What to work on - Your task is to restate word for word the lines in the material below, from the one with "La petite boîte" up to and including the one with "J’ai également créé". Do not carry over the pictures.

Records to process: Begin

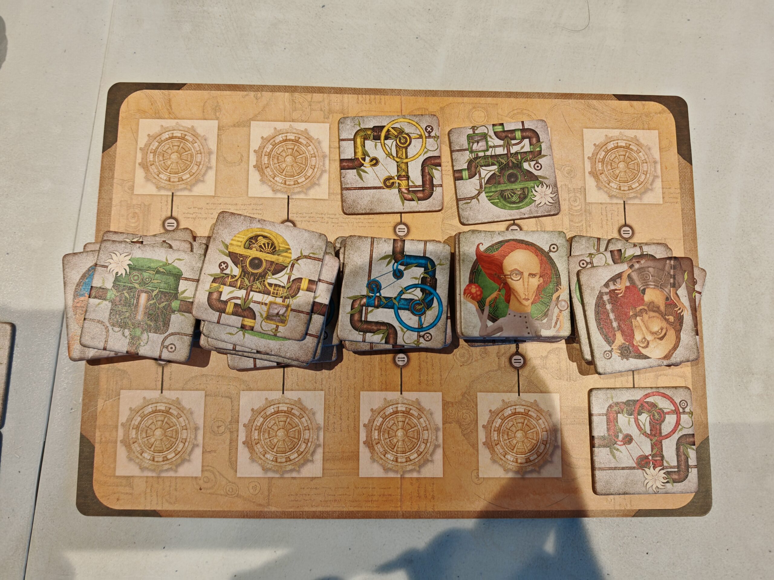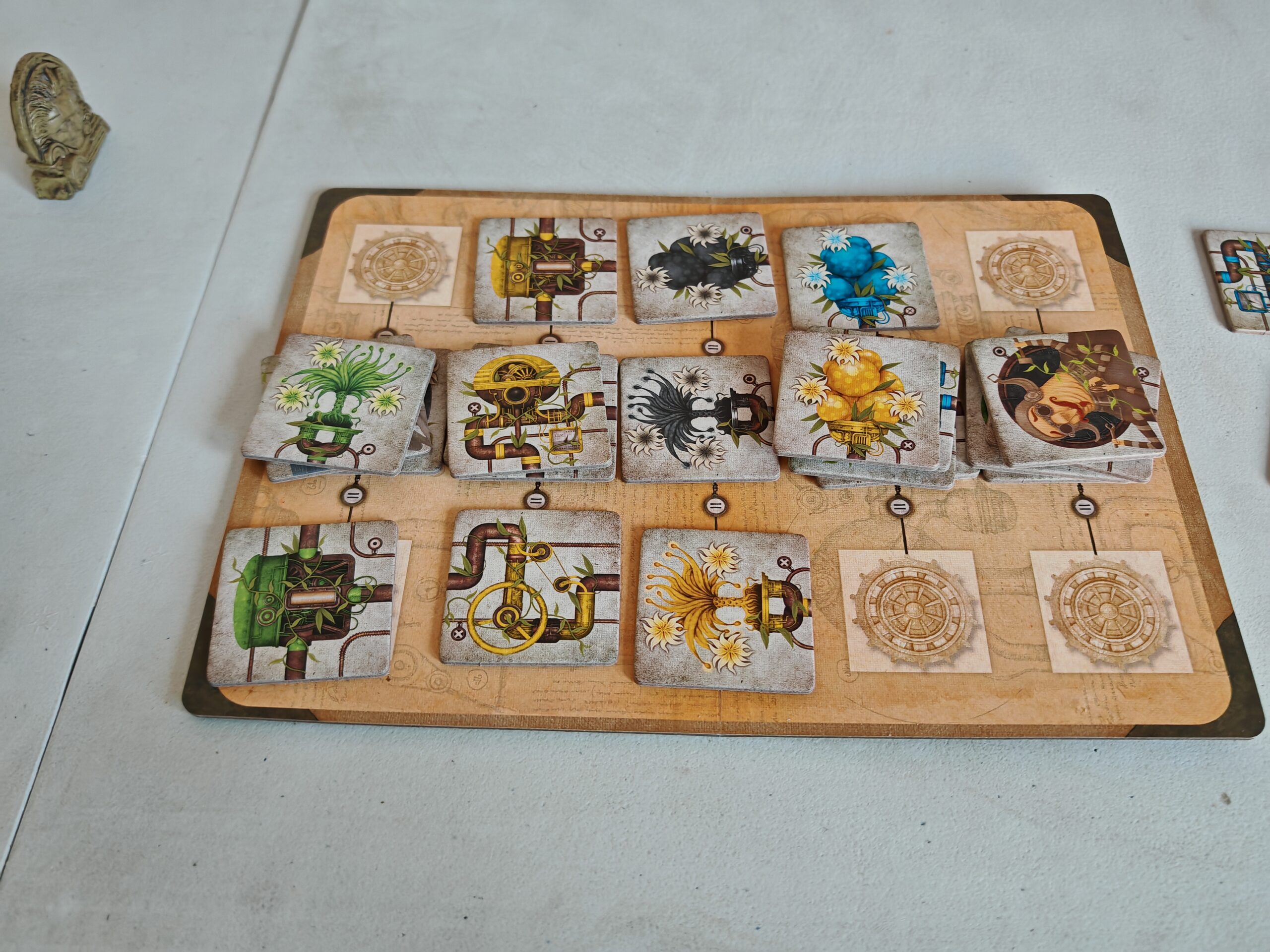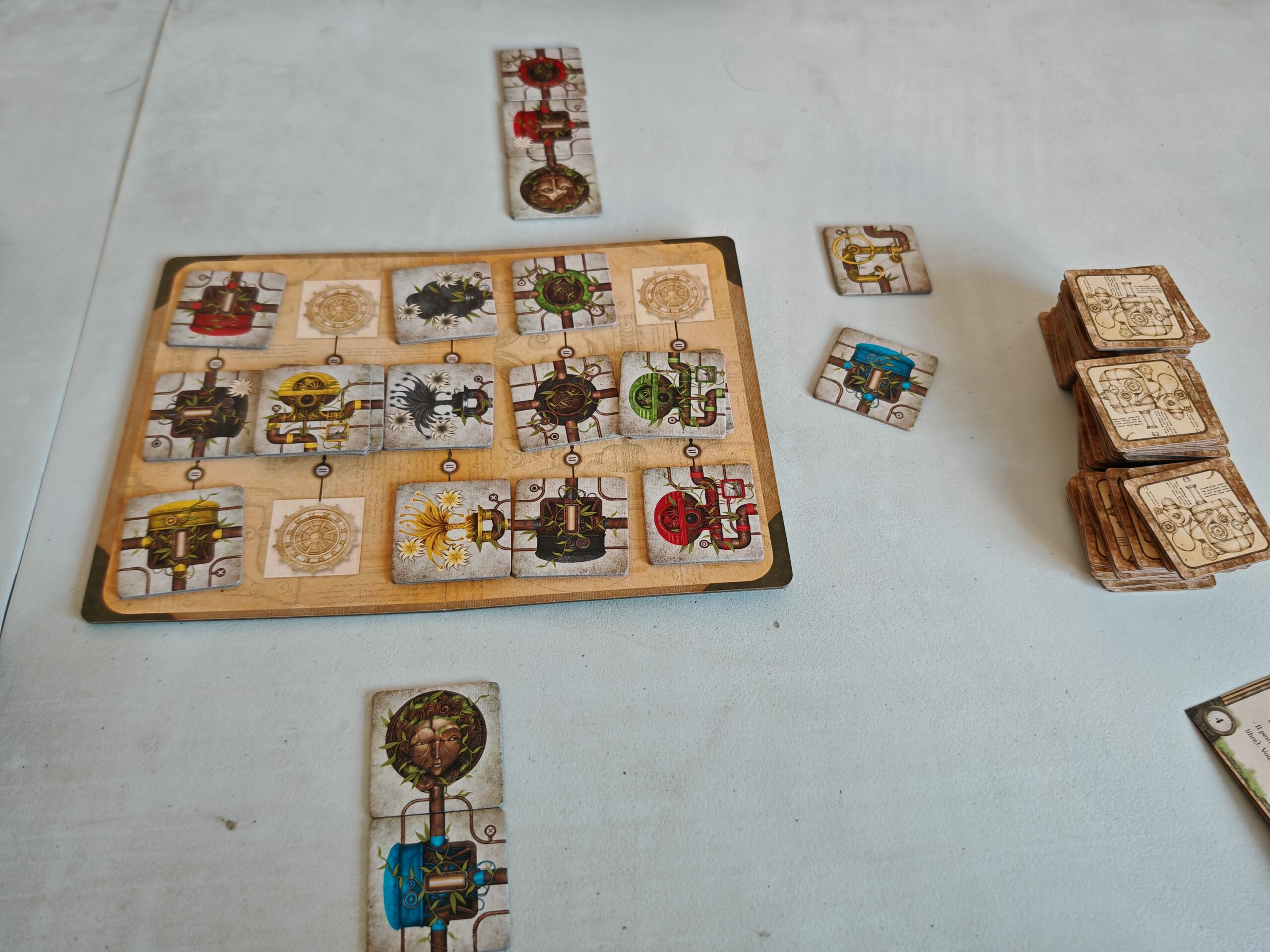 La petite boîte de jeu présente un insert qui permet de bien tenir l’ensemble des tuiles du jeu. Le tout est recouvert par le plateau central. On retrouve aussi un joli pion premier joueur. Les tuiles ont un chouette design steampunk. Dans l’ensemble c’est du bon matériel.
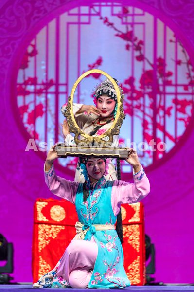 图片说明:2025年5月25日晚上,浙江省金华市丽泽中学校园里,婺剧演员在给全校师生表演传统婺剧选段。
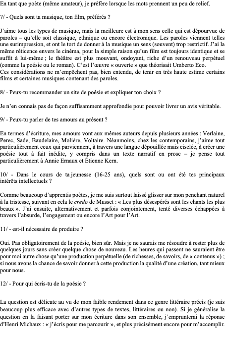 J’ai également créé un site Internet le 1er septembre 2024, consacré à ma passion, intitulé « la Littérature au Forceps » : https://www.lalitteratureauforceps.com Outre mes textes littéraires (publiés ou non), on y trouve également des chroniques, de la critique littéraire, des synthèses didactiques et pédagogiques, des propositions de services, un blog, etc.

Records to process: End
Records to process: Begin

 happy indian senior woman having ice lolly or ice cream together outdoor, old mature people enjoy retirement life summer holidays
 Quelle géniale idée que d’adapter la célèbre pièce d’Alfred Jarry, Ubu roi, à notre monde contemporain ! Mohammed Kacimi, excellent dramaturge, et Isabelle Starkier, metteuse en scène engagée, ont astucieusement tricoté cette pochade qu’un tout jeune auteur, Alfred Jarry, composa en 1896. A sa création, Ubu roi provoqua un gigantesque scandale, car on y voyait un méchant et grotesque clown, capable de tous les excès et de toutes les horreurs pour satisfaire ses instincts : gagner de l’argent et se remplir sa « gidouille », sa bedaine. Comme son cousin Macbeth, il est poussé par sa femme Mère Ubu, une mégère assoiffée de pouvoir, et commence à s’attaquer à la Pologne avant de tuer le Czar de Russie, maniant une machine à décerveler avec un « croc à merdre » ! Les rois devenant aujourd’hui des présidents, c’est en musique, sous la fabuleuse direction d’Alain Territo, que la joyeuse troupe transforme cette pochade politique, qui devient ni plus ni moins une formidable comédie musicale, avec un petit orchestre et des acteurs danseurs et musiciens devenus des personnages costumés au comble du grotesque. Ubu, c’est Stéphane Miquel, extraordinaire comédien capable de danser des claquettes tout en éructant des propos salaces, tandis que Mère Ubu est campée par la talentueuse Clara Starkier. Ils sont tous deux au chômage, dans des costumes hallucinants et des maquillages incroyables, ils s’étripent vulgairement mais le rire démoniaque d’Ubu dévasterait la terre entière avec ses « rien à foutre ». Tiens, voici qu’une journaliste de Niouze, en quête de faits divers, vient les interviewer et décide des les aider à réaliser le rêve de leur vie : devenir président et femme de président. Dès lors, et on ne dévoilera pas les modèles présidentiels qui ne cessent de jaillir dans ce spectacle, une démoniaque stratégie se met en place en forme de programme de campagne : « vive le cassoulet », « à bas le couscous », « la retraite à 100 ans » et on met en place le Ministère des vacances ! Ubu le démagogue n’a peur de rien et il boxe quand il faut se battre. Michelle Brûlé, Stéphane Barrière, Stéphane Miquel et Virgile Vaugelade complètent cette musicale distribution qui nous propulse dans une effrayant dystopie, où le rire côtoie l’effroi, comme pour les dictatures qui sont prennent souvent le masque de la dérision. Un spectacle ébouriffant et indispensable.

Records to process: End

Answer area -
 La petite boîte de jeu présente un insert qui permet de bien tenir l’ensemble des tuiles du jeu. Le tout est recouvert par le plateau central. On retrouve aussi un joli pion premier joueur. Les tuiles ont un chouette design steampunk. Dans l’ensemble c’est du bon matériel.
 图片说明:2025年5月25日晚上,浙江省金华市丽泽中学校园里,婺剧演员在给全校师生表演传统婺剧选段。
 J’ai également créé un site Internet le 1er septembre 2024, consacré à ma passion, intitulé « la Littérature au Forceps » : https://www.lalitteratureauforceps.com Outre mes textes littéraires (publiés ou non), on y trouve également des chroniques, de la critique littéraire, des synthèses didactiques et pédagogiques, des propositions de services, un blog, etc.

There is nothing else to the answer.